Update Employment Law December 2021

A provision in an employment contract stipulating that ten hours of overtime per month be compensated with the agreed remuneration is valid

LAG Mecklenburg-Vorpommern, Judgment of 14 September 2021 -2 Sa 26/21

The Regional Labour Court of Mecklenburg-Western Pomerania recently had to decide on the validity of a clause in an employment contract on the generalised compensation of overtime work with the agreed monthly wage. 


The plaintiff was employed in the department of payroll and financial accounting at the defendant’s business and earned a gross monthly salary of 1,800.00 Euros with a 40-hour week. His employment contract contained a provision according to which up to ten hours of overtime work per month in excess of the company's working hours were compensated with the monthly remuneration. Therefore, up to ten additional hours were not compensated in addition to the usual remuneration of the plaintiff.

The plaintiff, who had left the company in the meantime, filed a claim for overtime compensation for a total of 92 hours over a period of one year at EUR 10.23 gross per hour. He argued that the regulation on the compensation for overtime was invalid, as it was surprising on the one hand and misleading on the other hand, since the contract regulated that 40 working hours were the regular working time. The plaintiff based the accusation of a ‘misleading clause’ on the fact that the defendant had allegedly planned to make him believe that the regular weekly working time was only 40 hours, although in fact he regularly had to work more than 40 hours.

The Stralsund Labour Court upheld the claim merely to the extent of EUR 20.46 gross. Only in one calendar month, the limit of ten hours had been exceeded by two hours for which overtime compensation was due. For the remaining claim, the Labour Court dismissed the lawsuit, arguing that the compensation clause in the plaintiff's employment contract was valid.
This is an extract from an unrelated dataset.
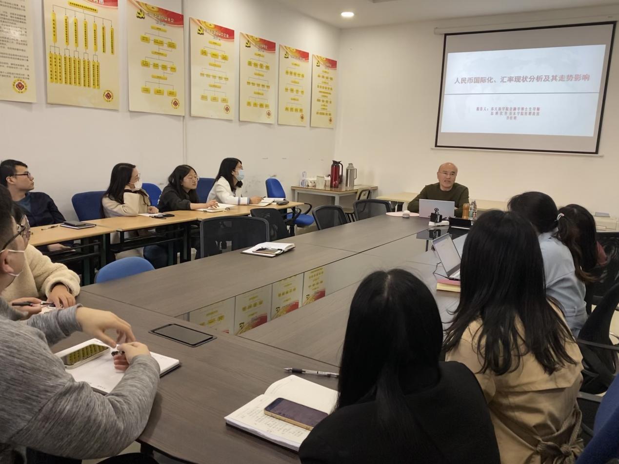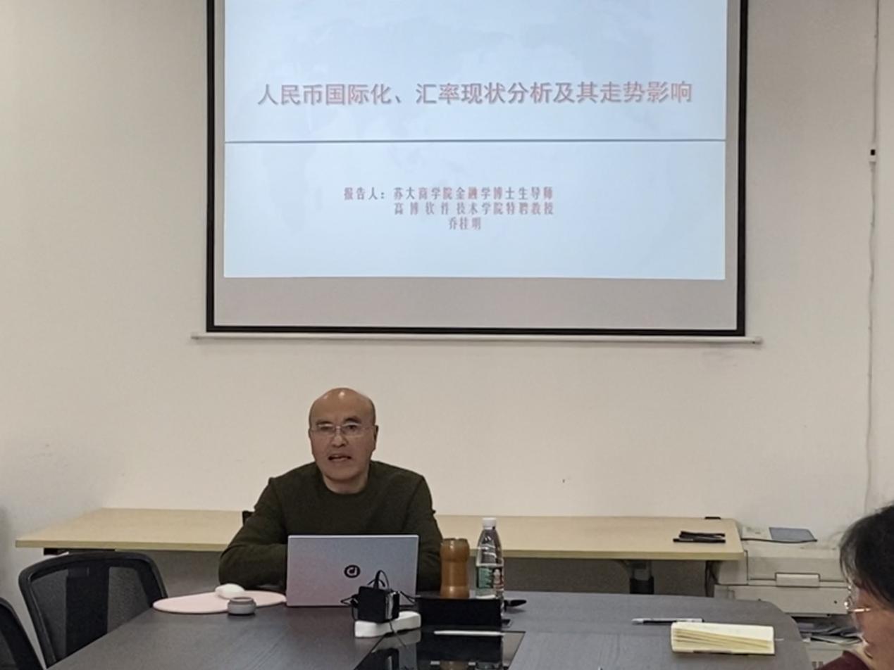 10月11日下午,国际商学院邀请了苏州大学商学院金融学博士生导师、beat365官网特聘教授乔桂明为全体教职工做了精彩的学术报告。本次报告由国际商学院王则斌教授主持,国际商学院全体教职工参加了此次报告。

In his appeal, the plaintiff further sought remuneration for the full 92 hours of overtime.

Decision of the Regional Labour Court

The Mecklenburg-Western Pomerania Regional Labor Court upheld the judgment of the Labour Court.

The clause on compensation for overtime was effective. Firstly, the clause was in no regard ‘surprising’ within the meaning of section 305c para 1 BGB (German Civil Code). A provision according to which overtime in excess of the operational working time of up to ten hours per month is to be compensated with the agreed monthly remuneration is not in itself unusual in an employment contract, but rather common practice. Further, the contract contained the clause under the heading ‘Remuneration’ and therefore in an usual place in the employment contract where it should have been expected.
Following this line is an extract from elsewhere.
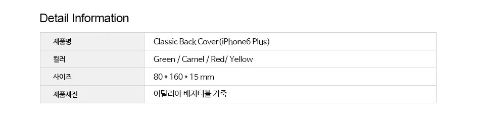 상품명 : 클래식 백커버 아이폰6S Plus 가죽 케이스 옐로우

Additionally, the court did not consider the clause invalid due to a lack of transparency pursuant to section 307 para 3 sentence 2 BGB, since it is clear from the employment contract itself which working hours are covered by the clause. The wording "compensated" clearly shows that no further payment will be made. It was also apparent to the plaintiff that he might have to work up to ten hours of overtime per month for the agreed monthly compensation without additional payment. Due to the clear limit, it must have been obvious for the plaintiff what he might have to do in terms of overtime work that will not be additionally compensated.

The court further argued that the alleged untruthfulness of the defendant is not plausible. The rules of the employment contract do not contain any statement on the frequency of overtime work. Due to the clear and transparent regulation, it is clear what is expected from the plaintiff in return for the agreed remuneration.

Finally, the court stated that the validity of a generalised compensation of overtime work is not dependant on a certain minimum annual remuneration. The clauses are not only permissible in contracts with well-earning employees. Such a clause may be freely agreed-on by the parties according to the general principle of freedom of contract.


As long as an agreement in an employment contract regarding a generalised compensation for overtime work is within the usual framework, it can in principle be included in any usual place in the employment contract (for example under the heading "remuneration"). However, the Regional Labour Court states clearly that it is particularly important that the provision is transparent. The employee must know what is in store for him, i.e. the maximum amount of unpaid overtime work expected from him.

The generalised compensation clauses are further generally admissible for any employees, irrespective of their agreed remuneration. However, an employer needs to make sure that the expected total working time does not violate the various statutory minimum wages (e.g. deriving from the Minimum Wage Act or from the principles of profiteering).

Therefore, caution is required when drafting employment contracts with such clauses. These clauses should be drafted professionally and regularly reviewed.